MP’s voted by 323 votes to 274, giving a Government majority of 49.
During the debate, Shadow Home Secretary Andy Burnham utilised the debate to question current Home Secretary Theresa May on the findings of the pilot scheme. Mr Burnham believes that landlords are still not sufficiently equipped and are unwilling to act as border guards. Under the proposed changes, landlords will be charged with having to check the immigration status of potential tenants.
Burnham suggests that this will lead to widespread discrimination, with many would-be British tenants being unfairly penalised. However, Theresa May said that the measures included in the Bill would lead to ‘greater fairness to British citizens and legitimate migrants.’

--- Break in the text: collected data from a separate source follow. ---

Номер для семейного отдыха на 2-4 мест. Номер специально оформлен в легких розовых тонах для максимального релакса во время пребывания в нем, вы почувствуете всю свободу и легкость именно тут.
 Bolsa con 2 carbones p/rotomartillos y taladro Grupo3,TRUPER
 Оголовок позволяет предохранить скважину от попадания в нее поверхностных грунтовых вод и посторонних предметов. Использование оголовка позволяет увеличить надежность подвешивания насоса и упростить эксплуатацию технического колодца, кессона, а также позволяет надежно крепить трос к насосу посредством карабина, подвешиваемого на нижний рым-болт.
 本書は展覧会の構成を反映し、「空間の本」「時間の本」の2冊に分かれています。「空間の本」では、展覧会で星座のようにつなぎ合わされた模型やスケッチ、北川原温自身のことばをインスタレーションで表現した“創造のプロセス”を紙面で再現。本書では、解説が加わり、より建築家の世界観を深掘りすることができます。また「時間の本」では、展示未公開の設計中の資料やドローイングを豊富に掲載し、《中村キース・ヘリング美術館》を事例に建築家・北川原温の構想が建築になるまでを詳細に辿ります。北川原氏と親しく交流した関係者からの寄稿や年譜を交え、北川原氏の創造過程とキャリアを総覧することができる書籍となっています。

Following the successful reading of the Bill, the next stage is for MPs to undertake a detailed scrutiny of the plans. After this, the Bill will return to the Commons in order for MPs to consider their changes and then onto the House of Lords, where it will be debated once again.

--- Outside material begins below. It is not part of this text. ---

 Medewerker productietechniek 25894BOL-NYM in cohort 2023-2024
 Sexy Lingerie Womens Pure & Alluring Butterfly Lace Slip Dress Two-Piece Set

MP’s vote for the Right To Rent
Should the Right to Rent measures remain unchanged in the Bill, it will be the responsibility of all landlords and letting agents to carry out status checks for all new tenancy agreements. In the majority of cases, this will involve the checking of passports or residents permit. Landlords or agents can also use an online form submitted to the Home Office, which promises to provide responses on immigration status within two working days.
If the Bill eventually becomes a Law, these legislations will also apply to individuals taking in lodgers and also to tenants who wish to sub-let properties. A failure to adhere to these rules could see landlords fined £3,000 or even face a jail sentence.